▸ Exercise description: Transcribe, leaving out every picture, the lines that run from the start of the listing below through the line with "One black and".

▸ Data below:
--
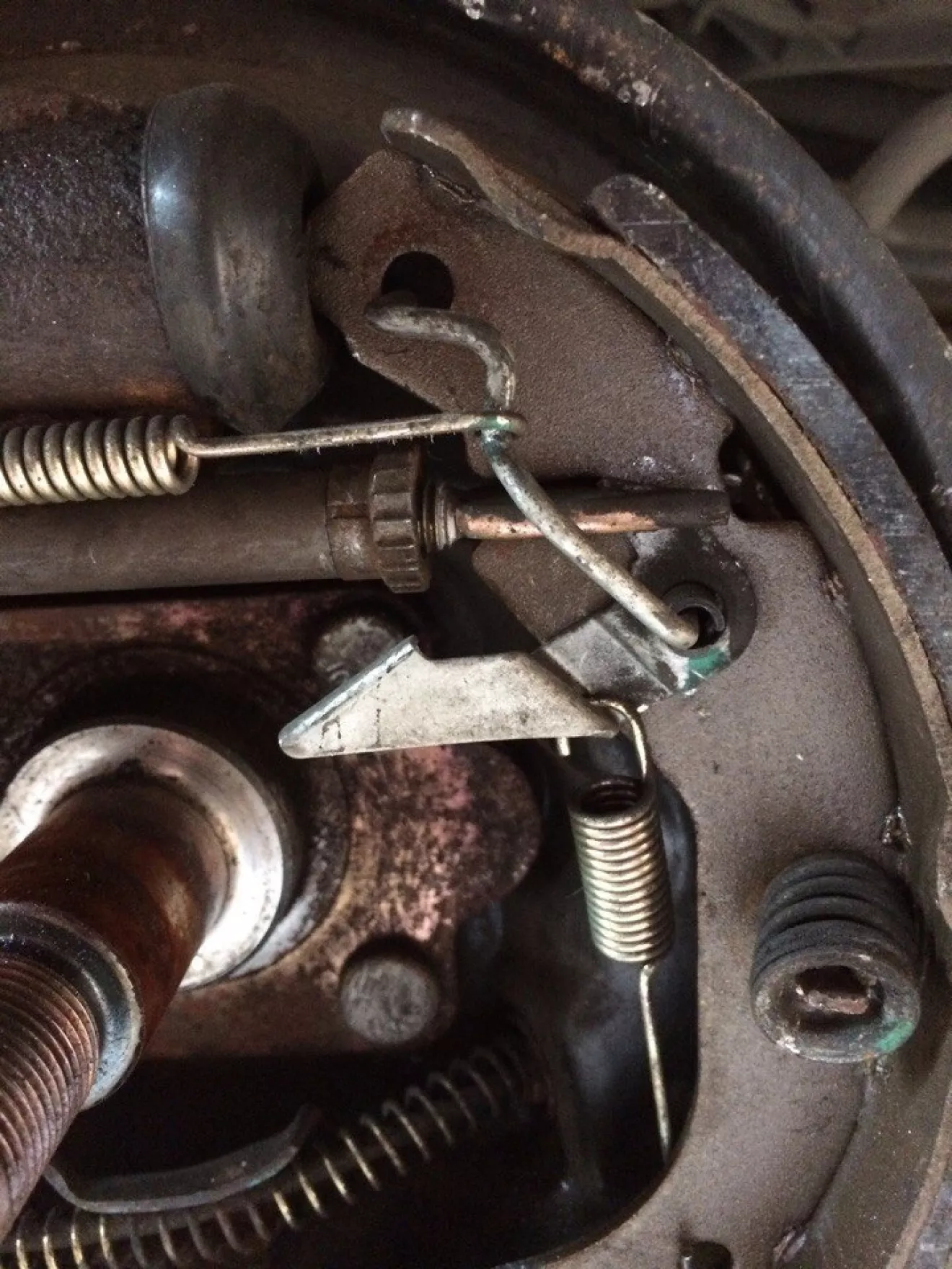 Решил заменить старые колодки на новые (RIDER RD2638GS8760), подумал каких там проблем, созвонился с своим наставником :) chaos2522 разобрали поменяли, все собрали и укатили по домам. На следующий день выехал, прокатился по брущатке, и тут коллапс, слышу скрежет жесткий хруст, звуки на столько стремные, что ехать дальше не хотелось. В общем докатился до пункта Б. Снял колеса, тормозные барабаны и вижу картину, усик отпал с механизма подводки колодок, на обеих сторонах, в добавок некоторые пружины по слетали. В итоге все исправил, собрал. И поехал на проверку, на туже брущатку. Ситуация повторилась, долго ломал голову почему так, потом как оказалось пришлось добавить одну позицию в эту всю систему, это самоконтрящаяся шайба для усика. Подумал все конец проблеме. Но не успел отъехать, первая кочка и опять та же ситуация. Нервов в итоге потратил не мало, подумывал нафига вообще туда полез, собирая разбирая повторно и снова и снова. В итоге разобрал все по новой, положил старую и новую колодку перед собой и тут меня осенило, и вижу что новая колодка отличается от старой, из за чего появлялся люфт и усик западал за вилку и в итоге соскакивал. До этого момента уже купил рем комплекты, так как один усик уже лопнул и думал может еще запчасти износились, да поменять все под чистую. И в итоге не зря, в них присутствовал спец зажим, благодаря которому решил проблему. Его действие как раз на то чтоб закрыть тот самый зазор за который западал усик. Конец, Ура :)
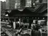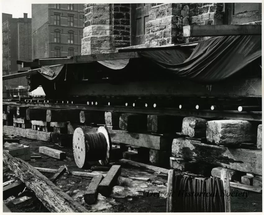 One black and white photograph of Mariners' Church which has been placed on several layers of heavy timber beams, steel beams, and steel rails in preparation for moving the building to a new location. Broken timbers, debris, and two coils of steel cables can be seen on the ground in the lower foreground. Nearby office buildings are visible in the left background.
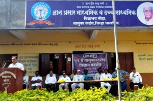 कळंब – विज्ञान प्रदर्शनामुळे विद्यार्थ्यांना दिलेल्या ज्ञानाचे दृढीकरण होऊन विद्यार्थ्यांच्या बुद्धीला चालना मिळते.विज्ञान प्रदर्शनामुळे विज्ञान व गणित विद्यार्थ्यांना अधिक सुलभ समजते असे मत ज्ञान प्रसारक मंडळाचे सचिव डॉ.अशोकराव मोहेकर यांनी मोहा येथील ज्ञान प्रसार माध्यमिक व उच्च माध्यमिक विद्यालयांमध्ये ५१ व्या विज्ञान प्रदर्शन उद्घाटन प्रसंगी व्यक्त केले. ते प्रमुख पाहुणे म्हणून बोलत होते. यावेळी धाराशिव जिल्हा परिषदेचे माजी सदस्य तथा कृषी उत्पन्न बाजार समितीचे संचालक संदीप मडके म्हणाले की, शालेय जीवनामध्ये मी पण विज्ञान प्रदर्शनामध्ये माझे प्रयोग सादर केले होते. याच शाळेमध्ये असताना माझ्या प्रयोगाला तालुक्यात पहिला नंबर मिळाला होता. विज्ञान प्रदर्शनामुळे शेती विषयी तंत्रज्ञान, औद्योगिक विषयक माहिती, नवनवीन प्रयोगाच्या माध्यमातून आपणास मिळत असते. वैज्ञानिक दृष्टिकोन डोळ्यासमोर ठेवून हे प्रयोग सादरीकरण करायचे असते. विज्ञान प्रदर्शनामुळे विद्यार्थ्यांमधील सुप्त गुणांना वाव मिळतो. त्यांच्यात वैज्ञानिक दृष्टिकोन निर्माण होतो. त्यांना नवी दृष्टी मिळते. त्यांच्या भविष्यात येणाऱ्या नवनवीन गोष्टी त्यांना हाताळता येतात असे मत व्यक्त केले. यावेळी ज्ञान प्रसारक मंडळाचे ज्येष्ठ संचालक तात्यासाहेब पाटील, मोहाचे माजी सरपंच रमेश मोहेकर, शिक्षण विस्तार अधिकारी संतोष माळी प्रमुख पाहुणे म्हणून उपस्थित होते. कार्यक्रमाचे अध्यक्ष म्हणून कळंब पंचायत समितीचे गटशिक्षणाधिकारी धर्मराज काळमाते होते. यानीही अध्यक्ष समारोपामध्ये विद्यार्थ्यांना मार्गदर्शन केले. कार्यक्रमाचे प्रास्ताविक ज्ञान प्रसार माध्यमिक व उच्च माध्यमिक विद्यालयाचे मुख्याध्यापक संजय जगताप यांनी केले. यावेळी केंद्रप्रमुख प्रशांत निनाळ, साधन व्यक्ती मैंदाड बी.जी. उपस्थित होते. विज्ञान प्रदर्शन माध्यमिक व प्रार्थमिक शाळा असे दोन गटात घेण्यात आले. माध्यमिक विभागातून एकूण ३२ शाळेने सहभाग घेतला. माध्यमिक गटातून हनुमान विद्यालय घारगाव यांनी प्रथम क्रमांक पटकावला. येथील शिवम गाडे या विद्यार्थ्याने क्लिनिंग मशीन हा प्रयोग सादर केला. तर द्वितीय क्रमांक छत्रपती संभाजी विद्यालय जवळा खुर्द येथील वेदांत रणखांब यांनी सादर केलेला वायरलेस पॉवर ट्रान्समिशने पटकावला. तृतीय क्रमांक ज्ञान प्रसार माध्यमिक व उच्च माध्यमिक विद्यालय मोहा येथील समीक्षा मडके ने सादर केलेला स्मार्ट व्हिलेज या प्रयोगास मिळाला. प्राथमिक विभागातून एकूण ६६ शाळेने सहभाग नोंदवला. प्रथम क्रमांक जिल्हा परिषद प्राथमिक शाळा सौंदाना (आंबा) येथील अस्मिता गायकवाड हिने सादर केलेले जमीन विरहित शेती या
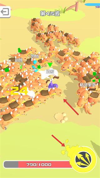 3、在恐龍潮中點擊技能按鈕釋放群體攻擊,可快速清理大量恐龍敵人,是應對波次進攻的核心操作。
--
▸ Solution:
 Решил заменить старые колодки на новые (RIDER RD2638GS8760), подумал каких там проблем, созвонился с своим наставником :) chaos2522 разобрали поменяли, все собрали и укатили по домам. На следующий день выехал, прокатился по брущатке, и тут коллапс, слышу скрежет жесткий хруст, звуки на столько стремные, что ехать дальше не хотелось. В общем докатился до пункта Б. Снял колеса, тормозные барабаны и вижу картину, усик отпал с механизма подводки колодок, на обеих сторонах, в добавок некоторые пружины по слетали. В итоге все исправил, собрал. И поехал на проверку, на туже брущатку. Ситуация повторилась, долго ломал голову почему так, потом как оказалось пришлось добавить одну позицию в эту всю систему, это самоконтрящаяся шайба для усика. Подумал все конец проблеме. Но не успел отъехать, первая кочка и опять та же ситуация. Нервов в итоге потратил не мало, подумывал нафига вообще туда полез, собирая разбирая повторно и снова и снова. В итоге разобрал все по новой, положил старую и новую колодку перед собой и тут меня осенило, и вижу что новая колодка отличается от старой, из за чего появлялся люфт и усик западал за вилку и в итоге соскакивал. До этого момента уже купил рем комплекты, так как один усик уже лопнул и думал может еще запчасти износились, да поменять все под чистую. И в итоге не зря, в них присутствовал спец зажим, благодаря которому решил проблему. Его действие как раз на то чтоб закрыть тот самый зазор за который западал усик. Конец, Ура :)
 One black and white photograph of Mariners' Church which has been placed on several layers of heavy timber beams, steel beams, and steel rails in preparation for moving the building to a new location. Broken timbers, debris, and two coils of steel cables can be seen on the ground in the lower foreground. Nearby office buildings are visible in the left background.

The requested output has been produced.